Thanks for the tips on prepping the wood. Very much appreciated and I will definitely be following your advice.


----------



## jsheridan (Jan 30, 2011)

Iron, my rec would be to spot prime any knots or tannin stains, if any, with BIN or any basic shellac. Kilz would be inferior to shellac. Prime before you do any caulking or putty work. I like lightweight vinyl spackle, it has a consistency like dry shave cream. Press it in to fastener holes, overfill it, allow it to dry and then do your full after prime sanding and level the putty holes at the same time. Far better than painter's putty. Then caulk. 
Jason, a lot of guys are using Aura and Select no prime over bare substrates. However, if you call BM product hotline, 888-236-6667, they'll tell you no. I asked, not because I was looking to, but to get beyond the hype. "Absolutely not", in fact, is what I was told. Around here, be prepared to defend your assertion.


----------



## Brushjockey (Mar 8, 2011)

123 is ok for priming wood, but the type of primer that is just for that is called underbody- it has the holdout- meaning that the top coats of finish will come to full sheen because the primer isn't pulling some of that away- and it should have a little sand so that it is super smooth to get the enamel finish. The best thing I know of for this is BM's oil Enamel Underbody.
But because we are all getting away from oils, the best waterborne in my experience is Z's Prime Coat 2 ( believe it or not to the pros!) I have only found it at Menards.
Then 123, or a whole bunch of other ones that don't sand so much but seal nice.
Aura Satin is my usual trim paint- add just a tiny splash of water to get it to flow nice. Bit of a learning curve- it sets up fast.
If knots are a problem- BIN is the best- but it dries really fast.
Fill holes and caulk after prime- reprime if you use a filler for holes.


----------



## jsheridan (Jan 30, 2011)

Brush, I"ve been using the 123 lately and really like it. (hadn't really used it much before, and had to give it a good try after all the positive reports here) It appears to have great enamel holdout and I find that latex enamels slide very nicely over it. Do you not like it for that?


----------



## Brushjockey (Mar 8, 2011)

Its fine- just no sand ( which is not always a bad thing) and very little build.
I love it for repaints/ conversion over an oil finish.


----------



## HD_Newf (Oct 8, 2010)

Hey Ironlight.

I think that the reason you are getting so many opinions on this is simply that a number of methods will often work.

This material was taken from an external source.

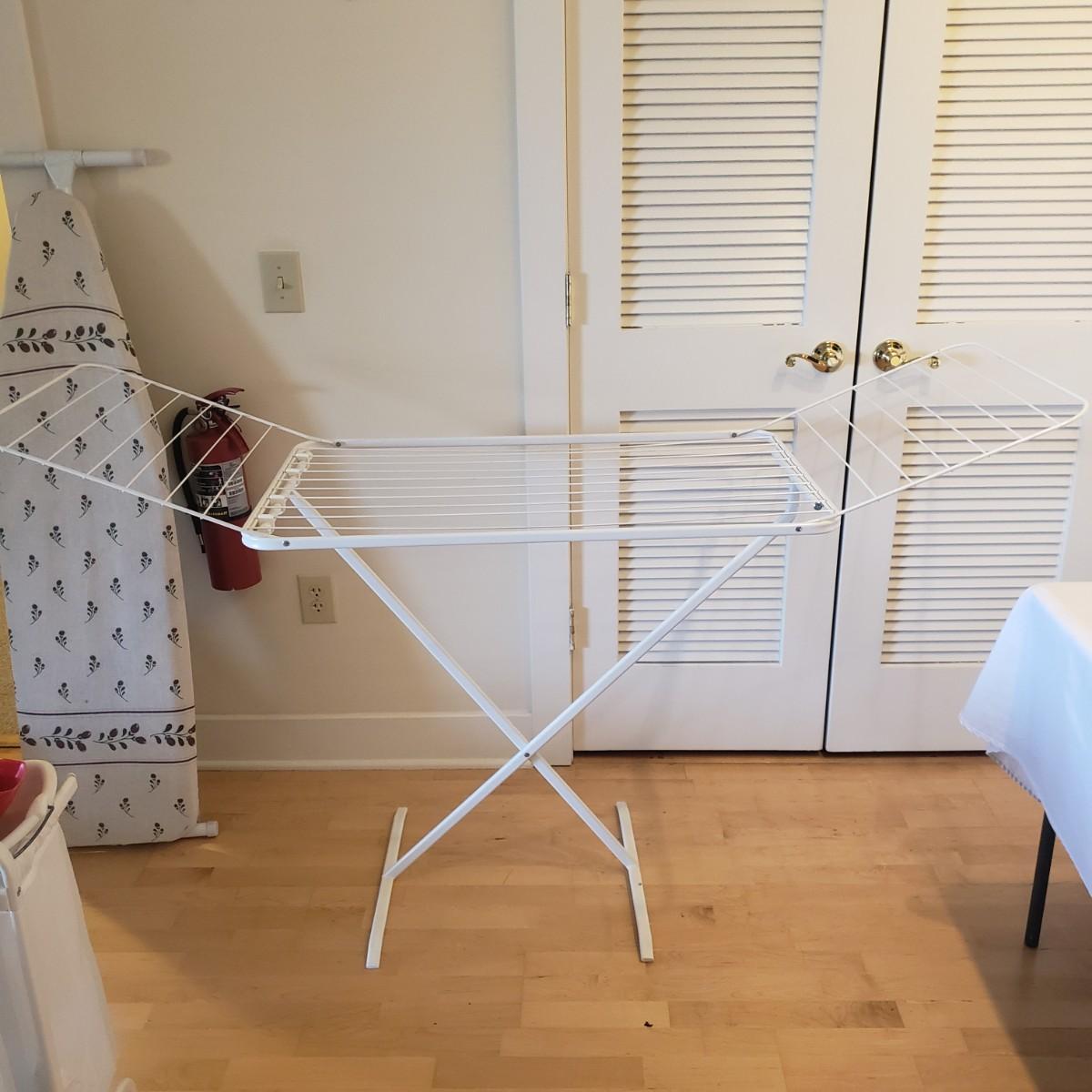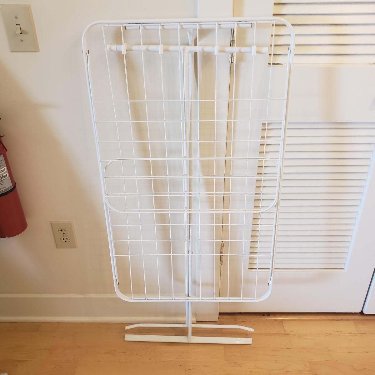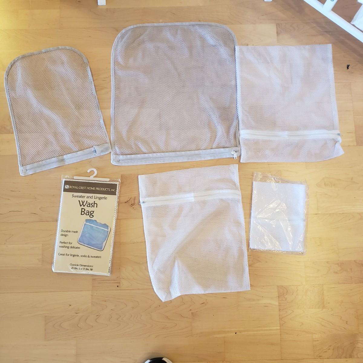 This laundry lot contains some handy things to make your life easier! The portable Rosenthal steamer powers on when plugged in. It comes with two other attachments. The cord and hose all wrap and lock in for easy moving. There are multiple mesh bags for protecting your delicates. The IKEA laundry hamper has removable bags on each side. The hamper measures 18" x 14" x 27"H. The three buckets appear to be blemish free. The wire drying rack folds up. Two sides fold put for more surface area. The rack folded in measures 38" x 22" x 35"H. Each side measures 17" x 22".

Bullseye 1-2-3 is good stuff. It is actually a metal primer, but works well with many other surfaces. It will _probably_ work just fine. Is it the best thing to use? Well no. As you already know, an oil based primer would be better both for raw wood, hiding and general adhesion. So would BIN shellac.

Using a base primer of either type would be better than just using any "primer included" paint when so many surfaces are trying to be blended. I agree with jsheridan on this one. You will get the same answer from Behr reps on their all-in-one product as well. 

I hope this helps,
HDNewf.


----------



## Brushjockey (Mar 8, 2011)

Thats the first time I have heard anyone say that 123 is PRIMARILY a metal primer. I know it does that, and well- but it is an all purpose primer sealer.


----------



## chrisn (Dec 23, 2007)

Brushjockey said:


> Thats the first time I have heard anyone say that 123 is PRIMARILY a metal primer. I know it does that, and well- but it is an all purpose primer sealer.


 news to me:yes:


----------



## HD_Newf (Oct 8, 2010)

Brushjockey said:


> Thats the first time I have heard anyone say that 123 is PRIMARILY a metal primer. I know it does that, and well- but it is an all purpose primer sealer.


OK, fair enough. It primes many things well.

I took this quote: " It is specially formulated for use on ferrous and non-ferrous metals, making it ideal for repainting aluminum siding." and changed the meaning. :surrender: I use it for clean metal because I too avoid oil based coatings when I can.

My main point is that the OP will likely use 1-2-3 and that while not the "expert" solution it should not only work out fine, but better than just 2 or more coats of "all in one" paint of any brand.


----------



## Ironlight (Apr 13, 2011)

OK I was wrong...the primer I'm using is in fact Primecoat 2. I usually get 123 and I'm not sure why I picked up the Primecoat 2. FYI I got a 5 gal bucket of it at HD for @ $56.

I already sort of mindlessly caulked and filled with vinyl. I'll prime and go over it again if anything pops out which I'm sure it will.

I may in fact go with the oil primer for one area...it's a half-height wall with a board top that leads into an arts and crafts-ish column. It's an eye catcher and is going to get hit with light from both rooms it divides. I put a lot of work into building the damn thing and I would hate to screw up the final result just to avoid some inconvenience.


----------



## chrisn (Dec 23, 2007)

What kind of wood did you use?
Primecoat2 is great for poplar and pretty good on pine.


----------